“Vicende come quella di Uber Files ci fanno dire che la mancanza di una regolamentazione del lobbying in Italia non è più tollerabile”: Federico Anghelé direttore di The Good Lobby accende i riflettori sulla necessità di accelerare per mettere fine a casi di “pressing” da parte di aziende su decisori pubblici e politici.
Bilanciare interessi di multinazionali e utenti
“Servono regole chiare che rendano trasparenti e monitorabili gli incontri con i decisori pubblici. E che garantiscano un bilanciamento del peso delle multinazionali: anche gli interessi generali – utenti, consumatori, attivisti per l’ambiente – devono essere ascoltati dai decisori pubblici. Per questo chiediamo che la legge sul lobbying sia considerata dal Parlamento una priorità e si voti al più presto”, evidenzia Anghelé.
Un organismo etico in sede Ue
L’associazione fondata da Alberto Alemanno rimarca inoltre l’urgenza della proposta di un organismo etico dell’Ue, come richiesto dal Parlamento e dal Consiglio dell’Ue nel 2021. “The Good Lobby ha contribuito alla progettazione di tale organismo etico dell’UE, presentando uno studio al Parlamento europeo”. (SCARICA QUI IL DOCUMENTO)
Il documento fornisce la prima analisi giuridica e politica dettagliata dell’organismo etico focalizzandosi anche su sistemi istituzionali di supervisione, attraverso un esame istituzione per istituzione.
L’analisi è volta a identificare la base giuridica, gli strumenti giuridici e le principali questioni legali sollevate da tale nuovo organismo indipendente dell’Ue. Dimostra che è giuridicamente fattibile ai sensi del diritto dell’UE istituire un tale organismo unendo insieme i poteri di monitoraggio, indagine, sanzione e consulenza esistenti.
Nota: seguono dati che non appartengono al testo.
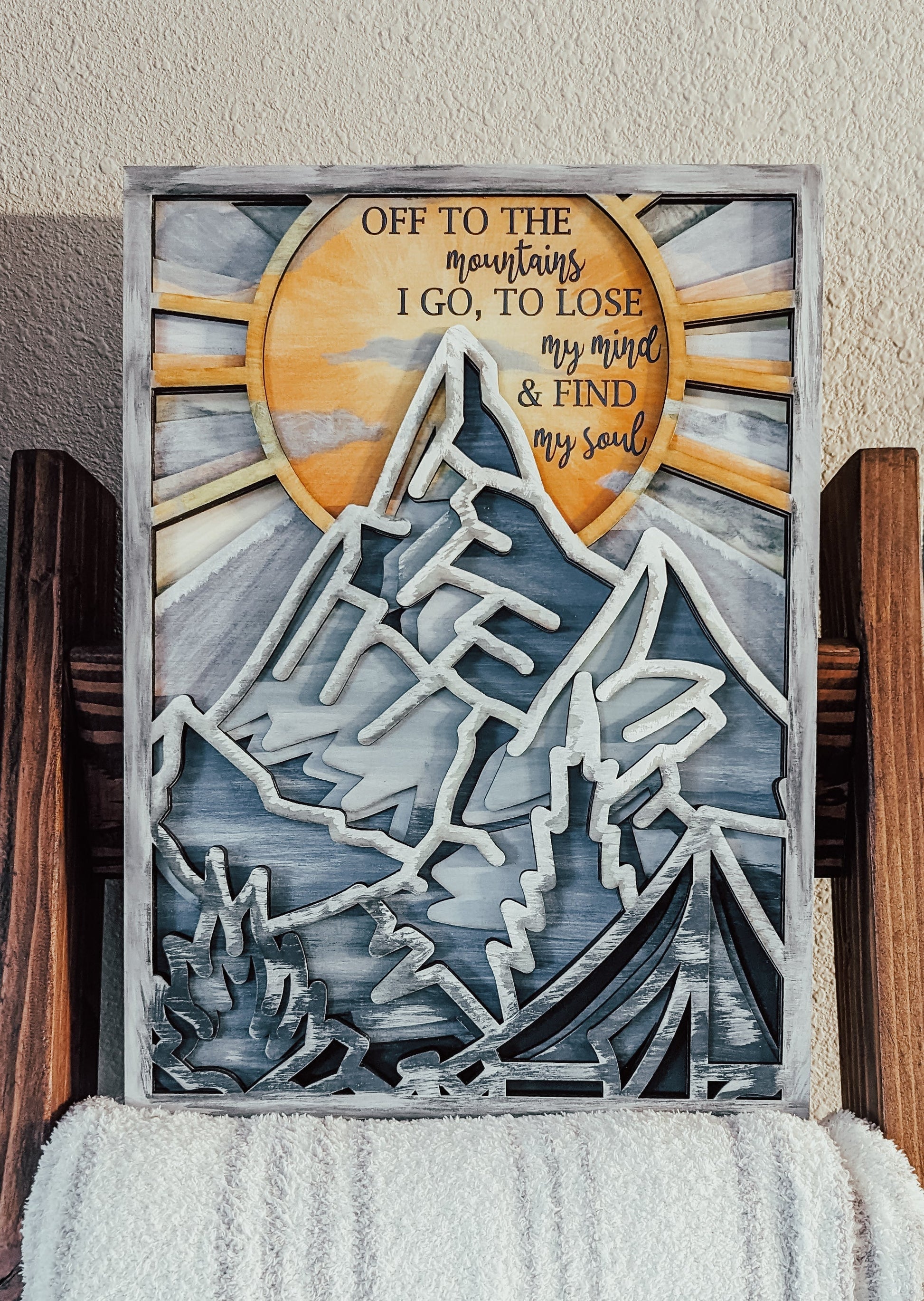 "Off To The Mountains I Go" Scene Dimensions & Details: 4 Layers 14.5" wide x 20" tall

A differenza di tutti gli organismi etici dell’Ue esistenti, l’organismo di nuova istituzione sarebbe, in primo luogo, indipendente e, in secondo luogo, competente a garantire l’applicazione, attraverso indagini e sanzioni, dei comportamenti non etici commessi sia dai membri nominati/eletti che dal personale.
Inchiesta Uber Files, coinvolti politici e accademici
Sono 124mila i documenti dell’inchiesta Uber Files da cui emergerebbero pressioni su politici, istituzioni – e stando alle ultime novità anche nei confronti di studiosi e accademici – da parte di Uber in Europa e negli Stati Uniti nel biennio 2014-15, in cui erano in corso attività di regolamentazione per normare il servizio di trasporto nonostante l’opposizione, in particolare, delle associazioni di categoria dei tassisti.
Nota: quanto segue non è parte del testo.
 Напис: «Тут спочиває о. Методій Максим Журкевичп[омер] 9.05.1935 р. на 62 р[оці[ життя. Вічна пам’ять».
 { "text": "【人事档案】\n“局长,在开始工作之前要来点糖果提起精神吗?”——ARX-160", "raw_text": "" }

L’inchiesta, condotta da un consorzio di giornali guidati dal britannico “Guardian”, non è al momento in grado di stabilire se le pratiche messe in atto da Uber costituiscano effettivamente dei reati e potranno determinare l’apertura di indagini penali.
A divulgare i documenti è stato Mark MacGann, ex responsabile delle politiche aziendali di Uber in Europa, che ha descritto le pratiche di lobbying dell’azienda su diversi dirigenti politici e non solo in molti Paesi. MacGann avrebbe inizialmente condiviso le informazioni con il “Guardian”, che a sua volta le ha inviate al Consorzio internazionale dei giornalisti investigativi (Icj), le cui testate hanno analizzato migliaia di mail e documenti riservati che descrivono le campagne di penetrazione aggressiva di Uber in vari mercati, spesso “in violazione della legge e delle regolamentazioni vigenti”.
Fra i politici di spicco citati nell’inchiesta spicca quello del presidente francese Emmanuel Macron che secondo quanto emerso “Uber files”, promise modifiche regolamentazioni per favorire l’ingresso dell’azienda nel mercato francese. Il cofondatore e amministratore delegato Travis Kalanick ha respinto gran parte delle accuse, mentre i vertici dell’azienda hanno ammesso che sotto la sua guida sono stati commessi degli errori. Nei giorni scorsi una portavoce di Uber, Jill Hazelbaker, ha dichiarato che “alcuni gravi errori commessi in passato hanno portato, cinque anni fa, ad una delle più gravi inchieste nella storia degli Stati Uniti, che ha portato all’allontanamento di numerosi rappresentanti ai vertici dell’azienda: non ci sono scuse per tali azioni, ma oggi chiediamo all’opinione pubblica di giudicarci sulla base di quello che abbiamo fatto negli ultimi cinque anni”.